DATA EXCERPTS:

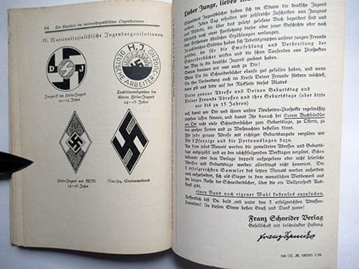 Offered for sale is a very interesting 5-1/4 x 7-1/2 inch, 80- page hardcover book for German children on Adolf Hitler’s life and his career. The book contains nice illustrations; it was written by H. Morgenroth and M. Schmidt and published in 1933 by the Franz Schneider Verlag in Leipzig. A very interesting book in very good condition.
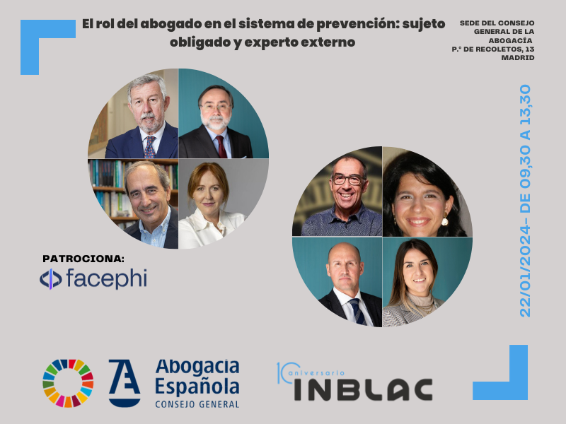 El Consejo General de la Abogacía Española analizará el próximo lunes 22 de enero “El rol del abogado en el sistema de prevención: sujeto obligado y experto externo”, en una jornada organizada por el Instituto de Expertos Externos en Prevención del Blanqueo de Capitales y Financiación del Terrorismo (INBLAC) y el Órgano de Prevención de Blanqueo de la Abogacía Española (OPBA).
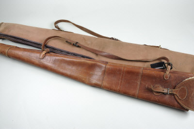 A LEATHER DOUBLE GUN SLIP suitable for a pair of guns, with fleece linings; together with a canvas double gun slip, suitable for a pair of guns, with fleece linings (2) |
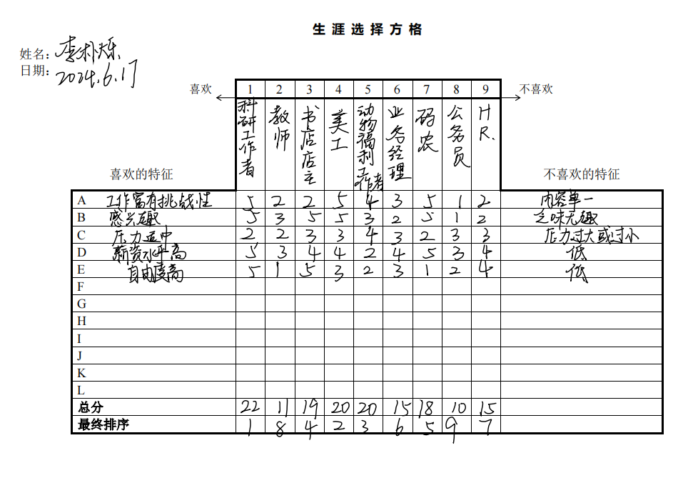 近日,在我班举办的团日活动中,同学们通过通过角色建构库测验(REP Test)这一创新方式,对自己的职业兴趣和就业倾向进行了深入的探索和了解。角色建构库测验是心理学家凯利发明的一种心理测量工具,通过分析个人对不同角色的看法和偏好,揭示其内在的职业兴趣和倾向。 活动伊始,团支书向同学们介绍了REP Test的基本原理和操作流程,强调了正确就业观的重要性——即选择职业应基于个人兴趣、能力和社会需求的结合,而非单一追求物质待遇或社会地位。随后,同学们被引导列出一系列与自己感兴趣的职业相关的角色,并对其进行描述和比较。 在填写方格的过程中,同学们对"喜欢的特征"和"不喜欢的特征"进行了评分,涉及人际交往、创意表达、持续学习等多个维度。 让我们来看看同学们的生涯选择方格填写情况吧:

* * *

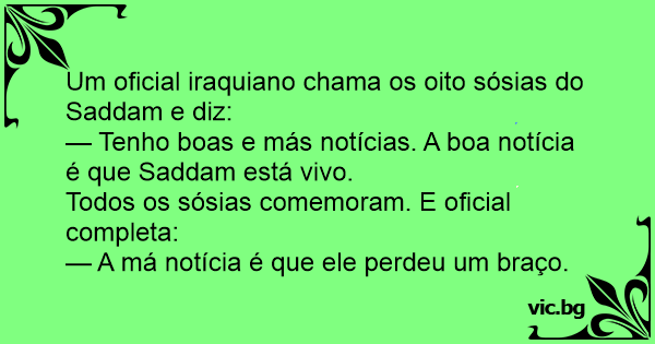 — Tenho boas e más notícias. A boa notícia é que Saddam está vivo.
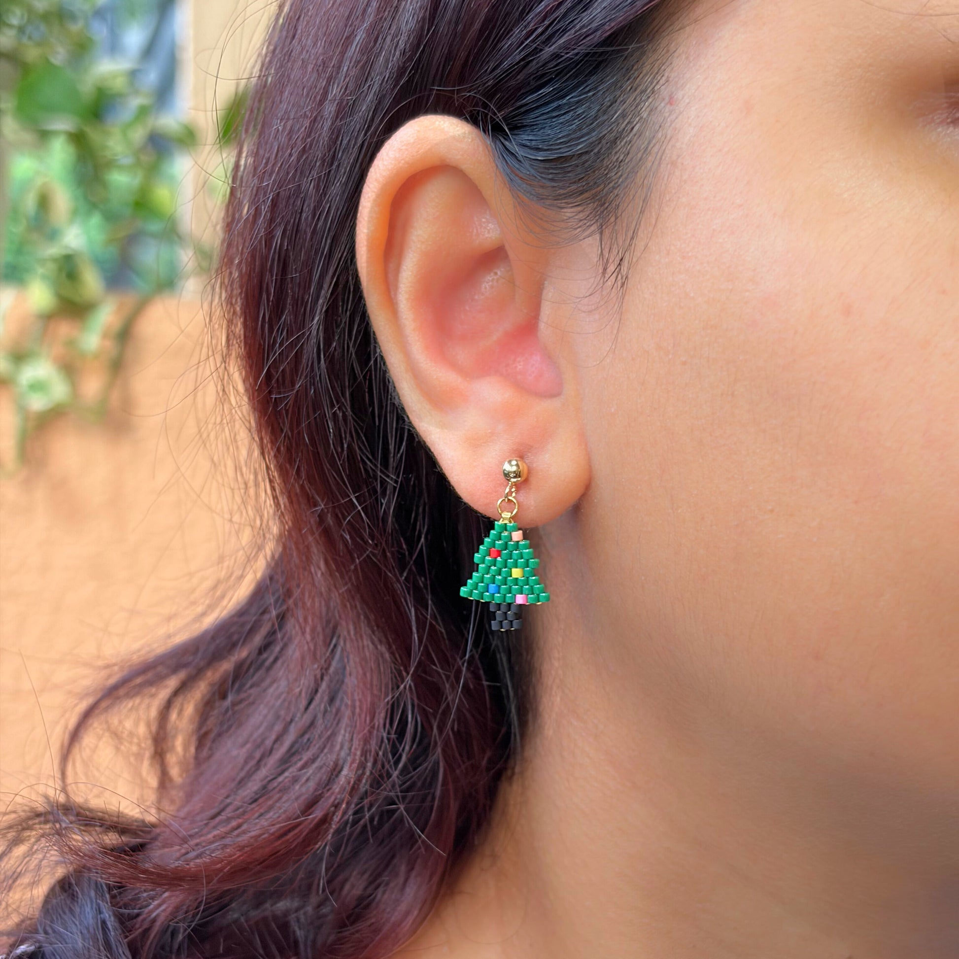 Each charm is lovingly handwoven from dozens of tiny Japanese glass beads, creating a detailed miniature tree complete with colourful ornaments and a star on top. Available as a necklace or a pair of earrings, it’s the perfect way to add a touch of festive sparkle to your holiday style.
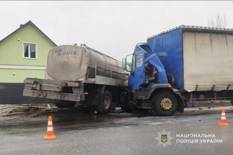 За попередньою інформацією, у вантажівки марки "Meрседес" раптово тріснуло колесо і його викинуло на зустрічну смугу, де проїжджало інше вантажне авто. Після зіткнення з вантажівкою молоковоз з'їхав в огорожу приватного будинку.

TASK PROMPT:
Take the entries above and copy exactly the lines starting at the one with "Saddam está vivo." and ending at the one with "За попередньою інформацією, у"; nothing outside that span, and no pictures.

ANSWER AREA:
 — Tenho boas e más notícias. A boa notícia é que Saddam está vivo.
 Each charm is lovingly handwoven from dozens of tiny Japanese glass beads, creating a detailed miniature tree complete with colourful ornaments and a star on top. Available as a necklace or a pair of earrings, it’s the perfect way to add a touch of festive sparkle to your holiday style.
 За попередньою інформацією, у вантажівки марки "Meрседес" раптово тріснуло колесо і його викинуло на зустрічну смугу, де проїжджало інше вантажне авто. Після зіткнення з вантажівкою молоковоз з'їхав в огорожу приватного будинку.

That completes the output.